Berlin announced at the weekend a €50-billion ($68-billion) rescue package for Germany's fourth biggest bank Hypo Real Estate (HRE), one of three of the country's banks that have needed help over the past year. But Chancellor Angela Merkel's government has so far not followed other European countries in partly or fully nationalising any of its lenders, such as Britain which on Wednesday pledged £50 billion ($64 billion) to buy stakes in the country's banks.

Steinbrück also said ahead of Friday's G7 meeting of finance ministers that the "most important task of all" was to agree on a relaxation of the accounting procedures that have been blamed for exacerbating the crisis for banks.

This procedure has been blamed for making the financial crisis worse for banks because it forces them to write down on their books the value of assets as soon as they fall. Prices for some assets such as shares have fallen sharply in the recent market turmoil.

"This must be applied in Europe quickly. If possible we should do it for the accounts for the third quarter (which ended on September 30) that will be prepared in the second half of October," Steinbrück said.

The minister also said that the effects of the crisis as a whole on the German economy, Europe's largest, would be "much more evident than we had expected until now."

"The government will have to make a significant cut in its 2009 growth forecast," he said.

The Financial Times Deutschland cited sources close to the government as saying that it will cut its forecast for economic growth next year to between zero and 0.5 percent from the current projection of 1.2 percent. The Economy Ministry declined to comment on the report.

Ireland extends bank guarantees

Ireland extended its blanket guarantee on personal and corporate bank deposits to five foreign-owned banks on Thursday, the Department of Finance said.

In addition to Ireland's six major banks, the guarantee will also apply to Germany's Postbank, Northern Ireland's Ulster Bank, Britain's HBOS, First Active, which is a unit of the Royal Bank of Scotland Group, and IIB Bank, a wholly-owned subsidiary of Belgium's KBC Bank.

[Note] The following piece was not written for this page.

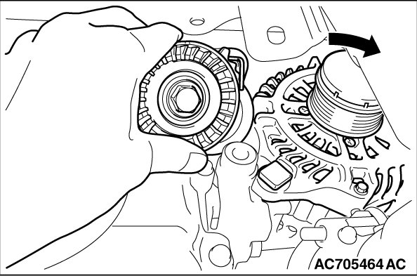 Loosen the mounting bolt of generator assembly lower part, and remove the mounting bolt of generator assembly upper part. Slide the generator assembly, and remove the auto-tensioner.

Ireland's unilateral deposit guarantee, announced last week, was slammed by European countries as a decision that would distort competition, with Chancellor Merkel describing it as "unacceptable" because it distorted competition.

"Clearly, there will be some additional limitations and safeguards in relation to these operations to ensure that the support provided relates to liabilities arising from their position within the national economy," rather than to their wider group, Irish Finance Minister Brian Lenihan said.